[TOS] Textbook authors: Copyright Assignment, please respond

Greg DeKoenigsberg gdk at redhat.com
Thu Sep 17 21:36:50 UTC 2009

On Thu, 17 Sep 2009, Ross Gardler wrote:

>> * Are we getting together a textbook sprint at FSOSS?  Which authors can
>> make it?  How much time can we spend on it?
> I'm planning on being there, but there are some legal issues... (I've
> said too much about that already).

Well, let's make sure everyone understands them, since Ross and I have 
been having some of these conversations out of band.  To recap the 
situation as I understand it, and Ross, please feel free to correct me 
where I err:

* Ross really needs a Contributor License Agreement process in order to 
justify the participation of OSS Watch -- a not-uncommon problem in our 
world.  Fedora requires folks to sign a CLA, for instance.

* This also requires a single copyright holder -- i.e. the party with 
whom the CLA is binding.  Which would require all authors to sign away 
their copyright.  Our options:

   + TOS as an org.  We're not there yet, I don't think.

   + FLOSS Manuals as an org.  I don't know that FM exists as a legal
     entity either, since the copyrights seem to mostly be owned by
     Adam Hyde.

   + Some company.  I'd like to avoid that.

   + An individual.  I suppose this could be me, or Adam Hyde of FLOSS

None of these options seem particularly appealing.  It's a tricky problem.

Since we've all agreed that the license will be BY-NC-SA, it's a trivial 
matter to reuse the content you write if you sign away your copyright. 
It does, however, mean that you would lose the right to dual license that 
content -- if, for instance, you also wanted to sell the rights to your 
chapter to some Linux magazine or something.

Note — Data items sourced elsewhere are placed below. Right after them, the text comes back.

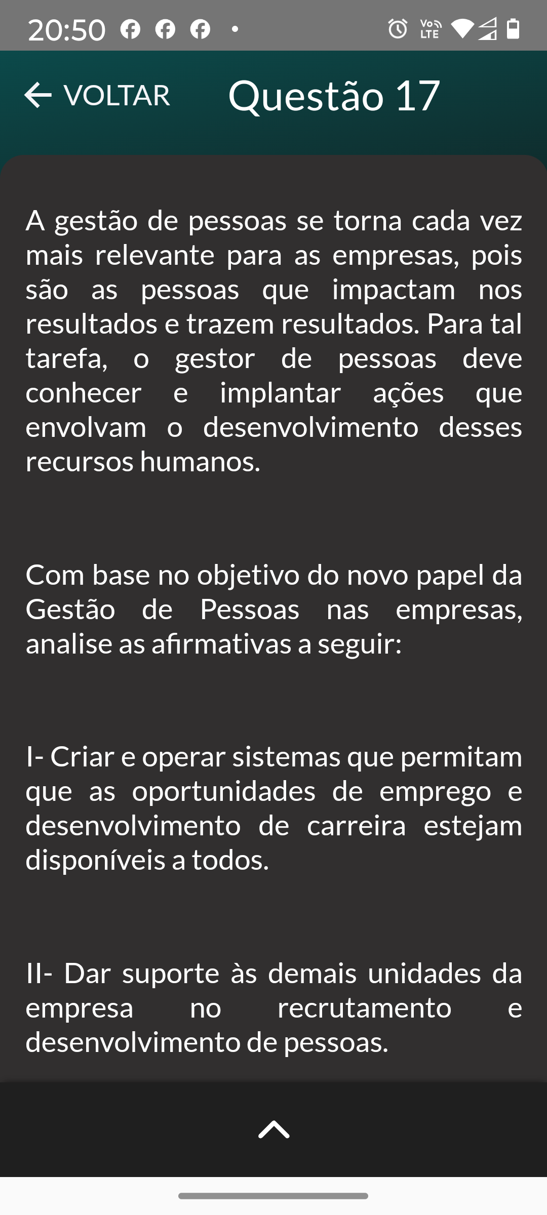 20:50 f f LTE VOLTAR Questão 17 A gestão de pessoas se torna cada vez mais relevante para as empresas, pois são as pessoas que impactam nos resultados e trazem resultados. Para tal tarefa, O gestor de pessoas deve conhecer e implantar ações que envolvam O desenvolvimento desses recursos humanos. Com base no objetivo do novo papel da Gestão de Pessoas nas empresas, analise as afirmativas a seguir: Criar e operar sistemas que permitam que as oportunidades de emprego e desenvolvimento de carreira estejam disponíveis a todos. II- Dar suporte às demais unidades da empresa no recrutamento e desenvolvimento de pessoas.
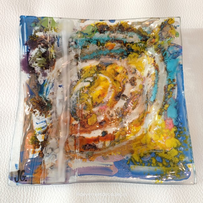 Plat carré, original, multicolore, artisanal et unique
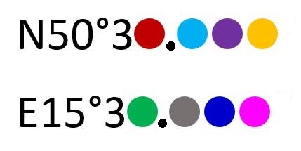 Na místa barevných puntíků doplňte vyluštěná čísla ze sudoku. Výsledkem budou finální souřadnice keše.
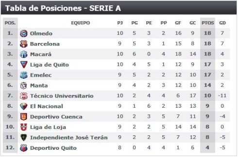 There is a genuine strength to the Serie A this season with all teams taking surprising places. Usually the Guayaquil giants: Emelec and Barcelona would dominate along with Liga de Quito. This year however the smaller teams have stepped up to the plate and made genuine challenges to the status quo.
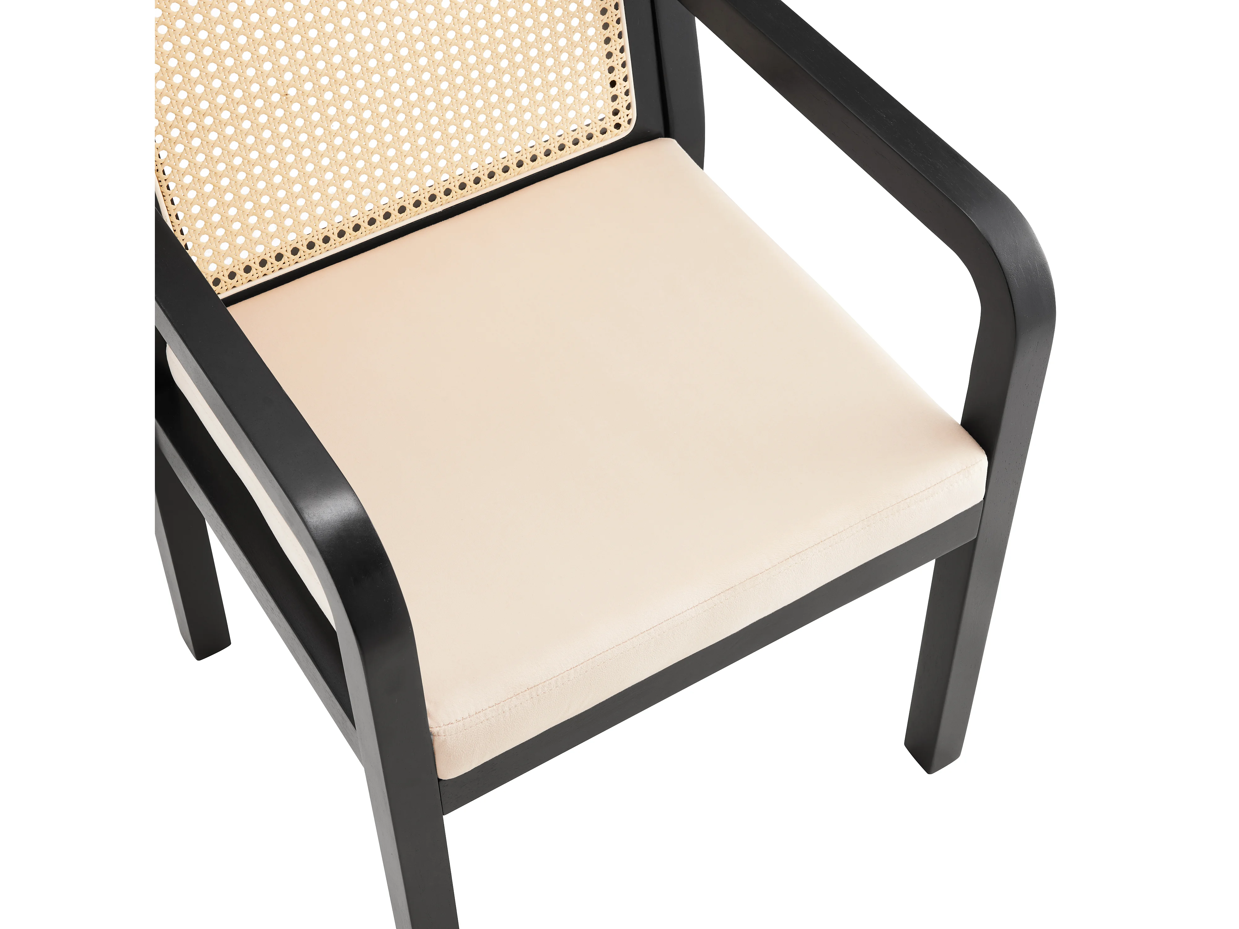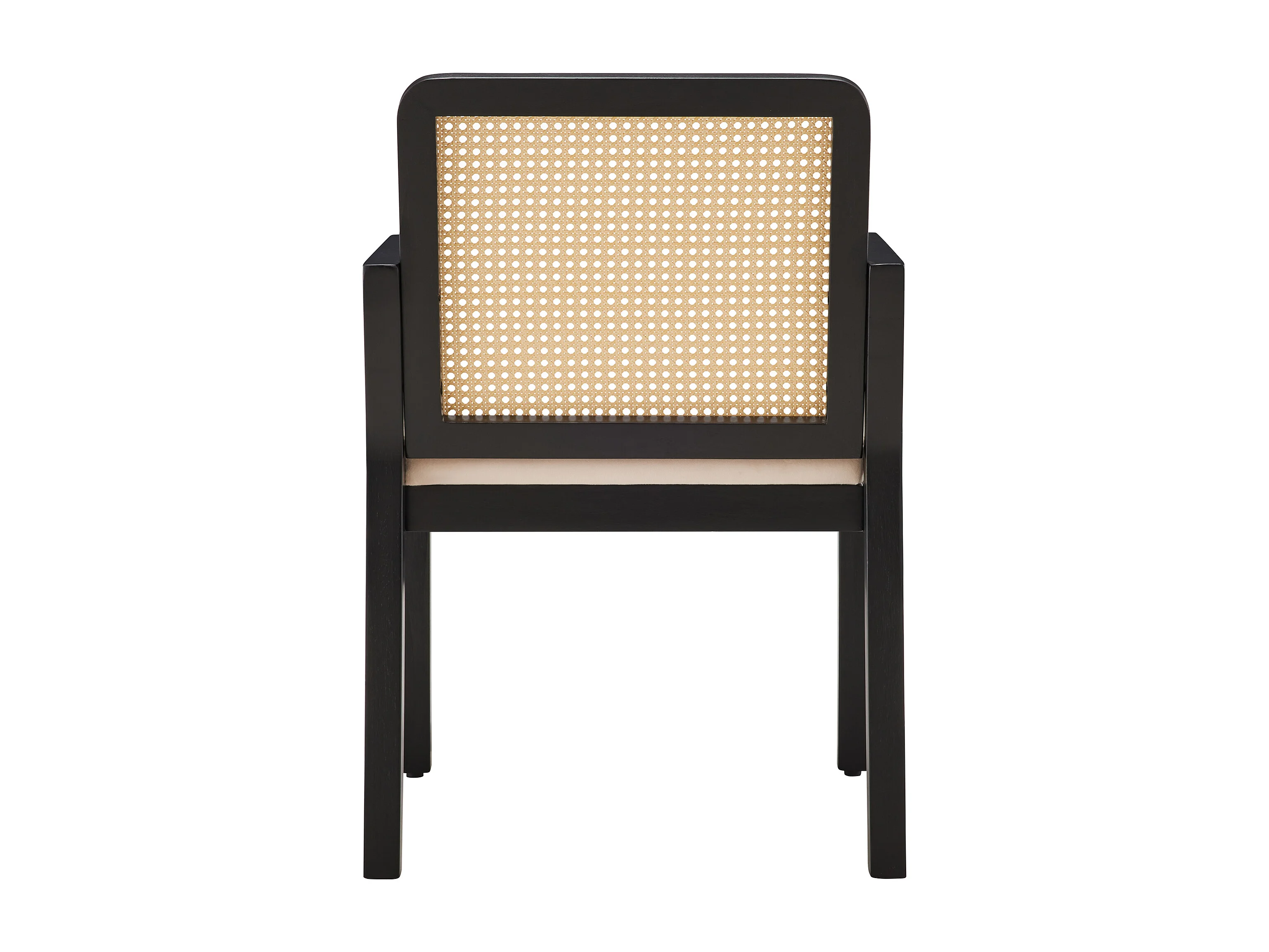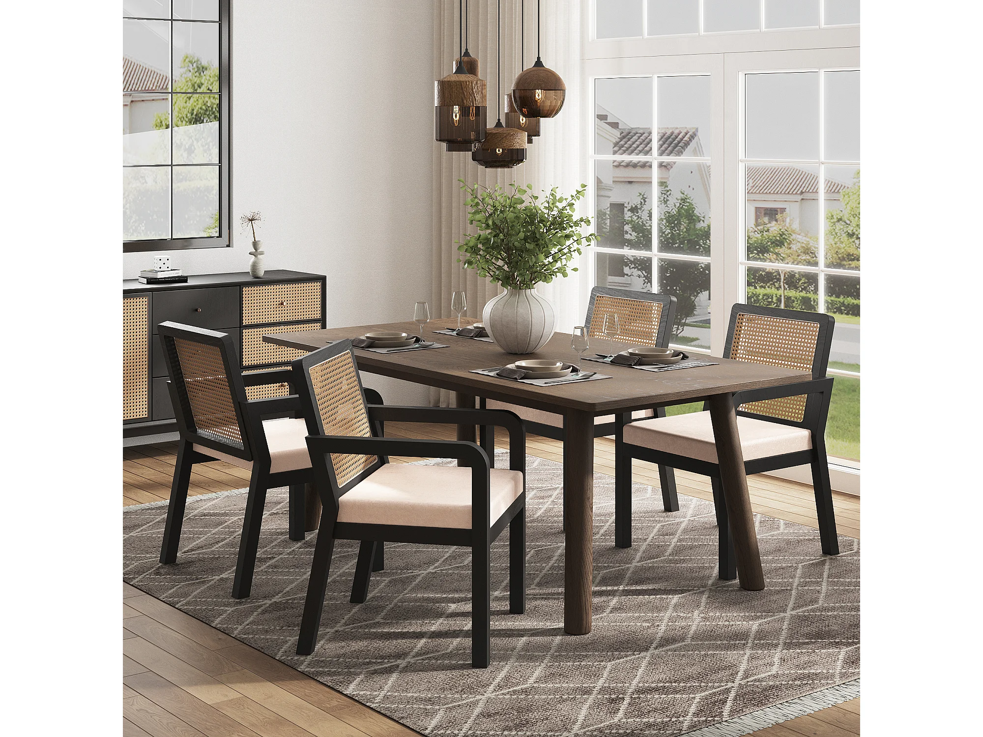 Lot de 6 chaises en velours avec dossier en rotin - Noir et naturel clair
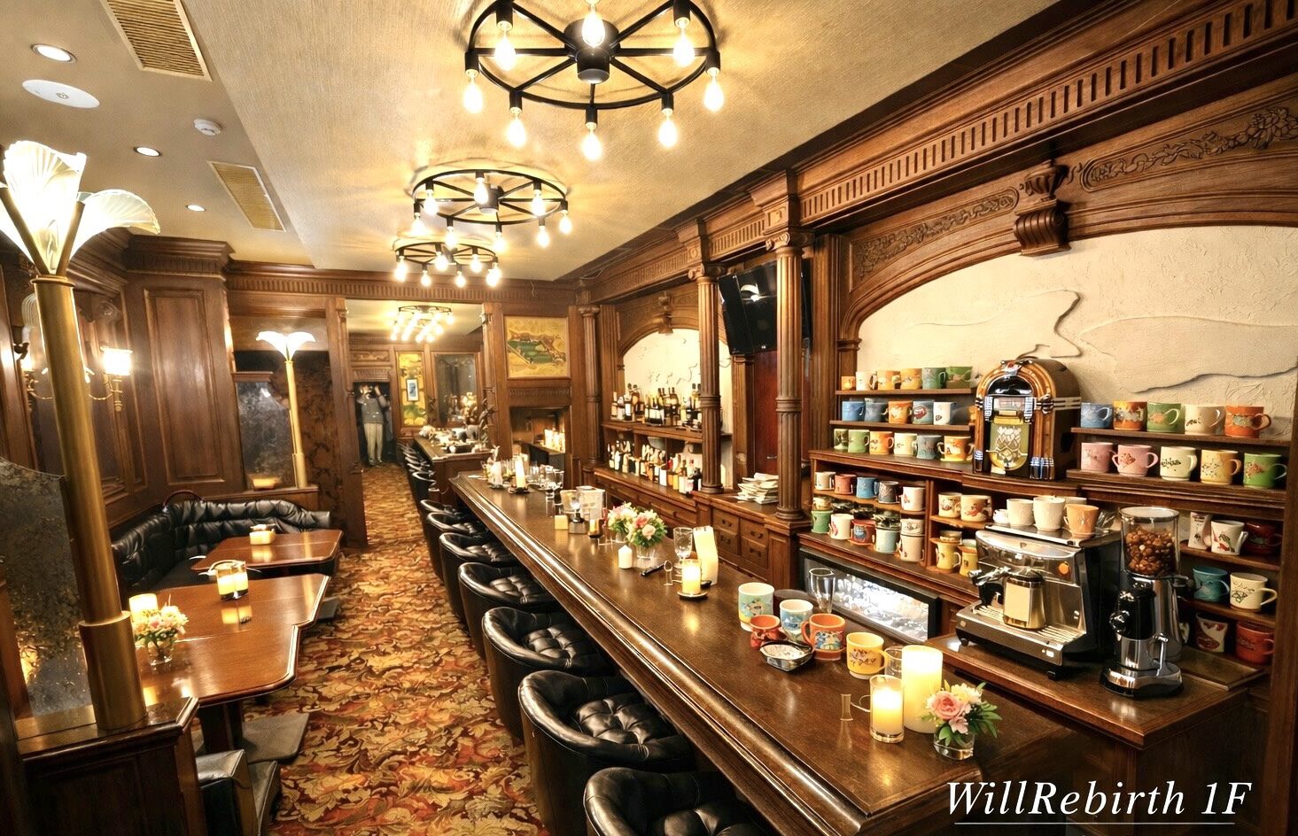 店内では海外のマグカップをお選びいただき、気分に合わせた一杯をお楽しみいただけます。古着+喫茶といった空間で、美味しいコーヒーやお酒をご用意しております。
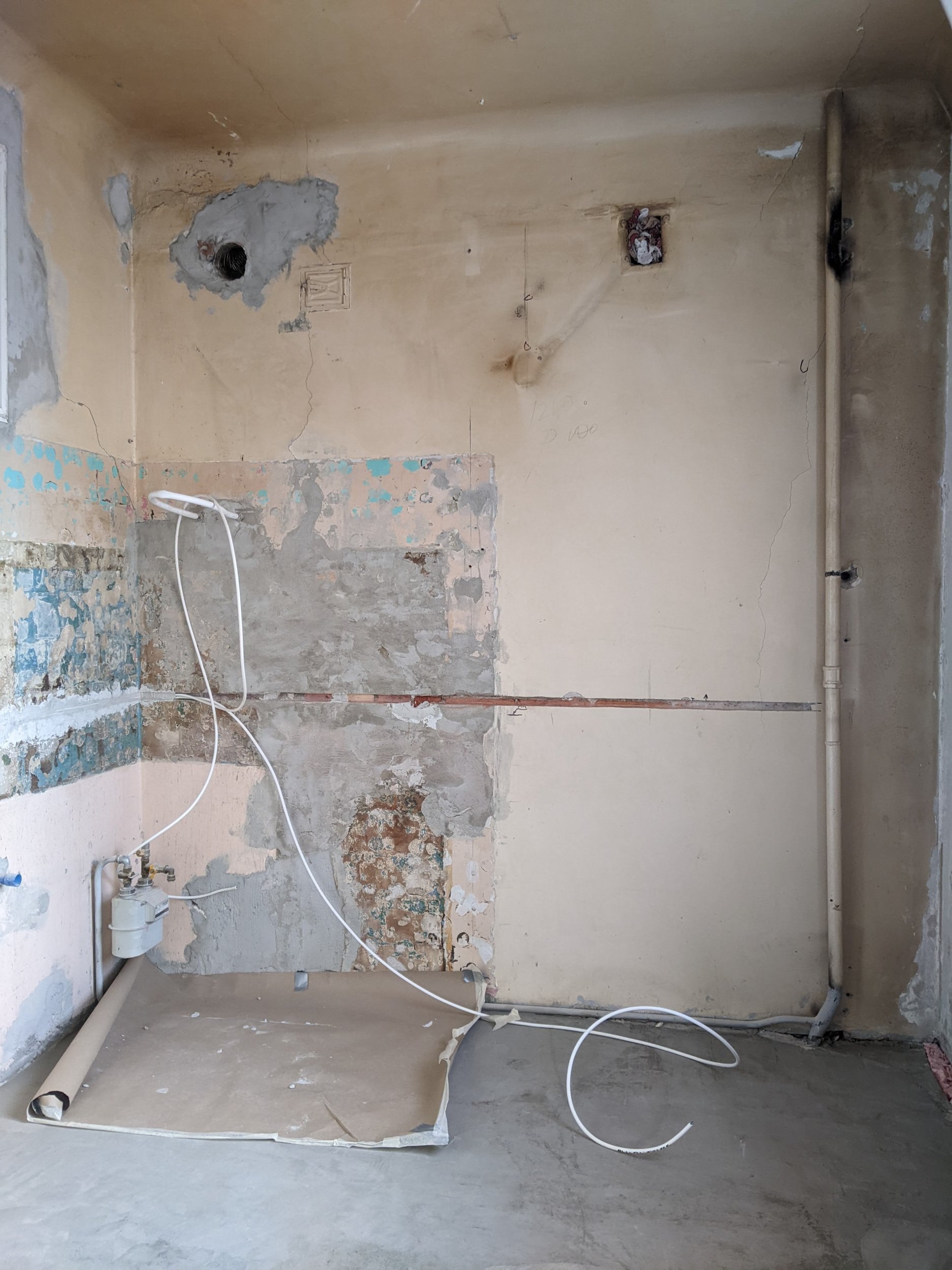 Vaja pahteldada ja värvida 1950ndatel ehitatud köögi seinad, lagi ja aknapõsed. Lae pinda 7,5 m2, seina pinda koos aknapõskedega 29m2. Lae ja seina vahel kaarjas üleminek.

The first question, though, is a simple one: authors, are you willing to 
assign your copyright to some single entity?  If the answer is yes, we can 
figure out what entity that should be.  If the answer is no, then we're 
basically saying "no CLA, so sorry Ross."

Input welcome (and, in fact, required) from authors on this question.


Computer Science professors should be teaching open source.